The dreams had been terror at loss, at something lost forever; but nothing was lost, all was retained between the sky and the earth, and within himself. He had lost nothing. The snow-covered mountain remained, without regard to titles of ownership or the white ranchers who thought they possessed it. They logged the trees, they killed the deer, bear, and mountain lions, they built their fences high; but the mountain was far greater than any or all of these things. The mountain outdistanced their destruction, just as love had outdistanced death. The mountain could not be lost to them, because it was in their bones; Josiah and Rocky were not far away.
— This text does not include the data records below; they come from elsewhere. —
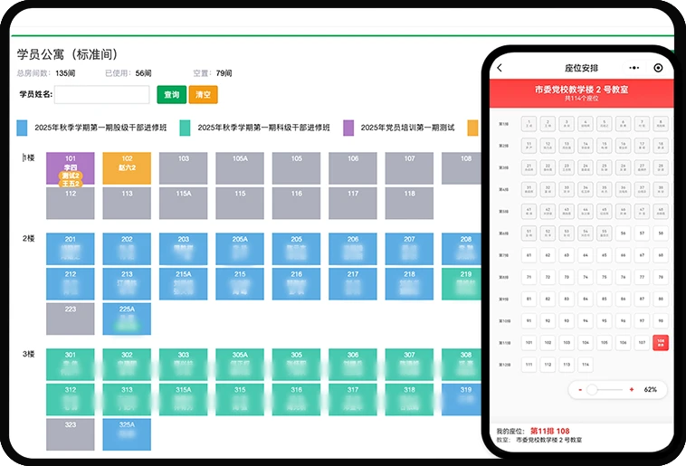 可根据学员职务、单位等要素一键自动生成合理的座位与宿舍分配方案,既体现了组织管理的规范性,又大幅提升了接待安置效率。
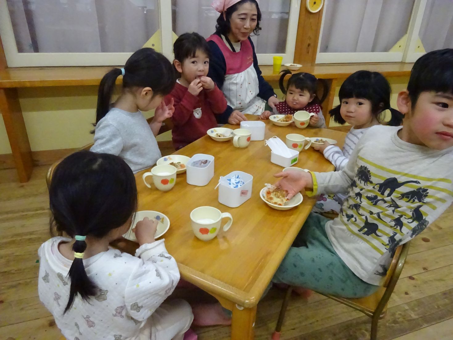 年長児:「きゅうしょくとうばん がんばってね」3歳児:「はい」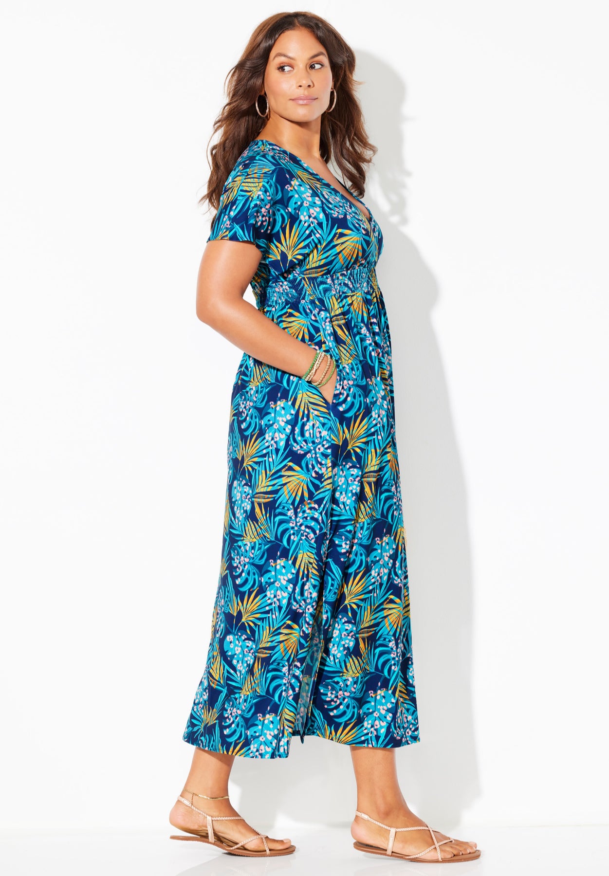 When a little move coverage and chicness is needed, slip this style over your favorite swimsuit and you’re good to go to your next beach or poolside hang. Styled with a V-neckline, smocking detail for shaping, and side seam pockets to hold sunscreen, cellphone, and other essentials. Ankle length. Wrinkle-resistant.

They were close; they had always been close.
I re-read Ceremony because, for the first time ever, I'm going to teach it in class this year. I'm looking forward to that but also I have a little trepidation; much of the time I spent re-reading it I spent trying to figure out what about the novel seems so difficult and enigmatic. The language is measured and plain, but the structure can be a little deceiving: it's the story of Tayo, a Laguna Pueblo man who has returned from World War II and the Baatan Death March with extreme PTSD, and who returns to mental and spiritual health by the aid of a ceremony rooted in Laguna and Navajo storytelling. The beginning is fractured, as is fitting for the narrative of Tayo's inability to move on from the horrors of war and death, but the process of healing, too, is strange, jumping from time to place and from person to person elliptically. Of course, perhaps it is a mistake to think that healing is a process that take something crooked and makes it straight.
I appreciated more, this time, the fine distinctions that Silko makes in her description of "witchery," an enigmatic evil force that is responsible for the creation of white people and European cultures. I can imagine this would be quite an unsafe book to teach in one of those states where anti-"CRT" bills have passed: ALABAMA TEACHER ASSIGNS BOOK THAT CALLS WHITE PEOPLE EVIL DEMONS, that sort of thing. But Silko is always quite clear that "witchery" victimizes indigenous and white people alike, and perhaps even that white people are in the most danger because they refuse to wake up and see it for what it is. "Witchery" is a destructive force; it loves death--it has something to do with capital in the Marxist sense, and the "love of money" in the Biblical sense, but Silko's formulation places it even further back, a black impulse in the human heart that is the root cause of these things. And a reactionary response might fail to see that it is actually invented by indigenous people, according to Silko's rendition of legend; in fact, this is the novel's central and strangest irony.
Once you see this, the outlines of the novel's racial and cultural outlook get both clearer and more complex: you see, for instance, how important to the novel it is that Tayo is of mixed race. Is his Aunt's resentment and neglect, so different than the love she heaped on his "purer" and now-dead cousin Rocky, a kind of witchery? Witchery's avatar in Ceremony is not a white person but an indigenous one: Emo, a sinister drunk who resents Tayo's white heritage as strongly as he yearns for the things that white people have. Silko shows sharply how tribalism and oppression are two sides of the same coin. You notice, too, what it means that Tayo's guide in his ceremony is a Navajo, and not a Pueblo man, despite suspicion on both sides; Ceremony manages to articulate the importance of returning to one's geographic and cultural roots while also showing the power of synthesis and syncretism. It's a subtle message and an unfamiliar one, but one I hope my students will welcome.
Ceremony is the first novel in what I'm calling "Indijanuary," despite it being nearly unpronounceable. I did this last year, too, reading eight books by indigenous North American authors in a row, and I'm excited to try it again.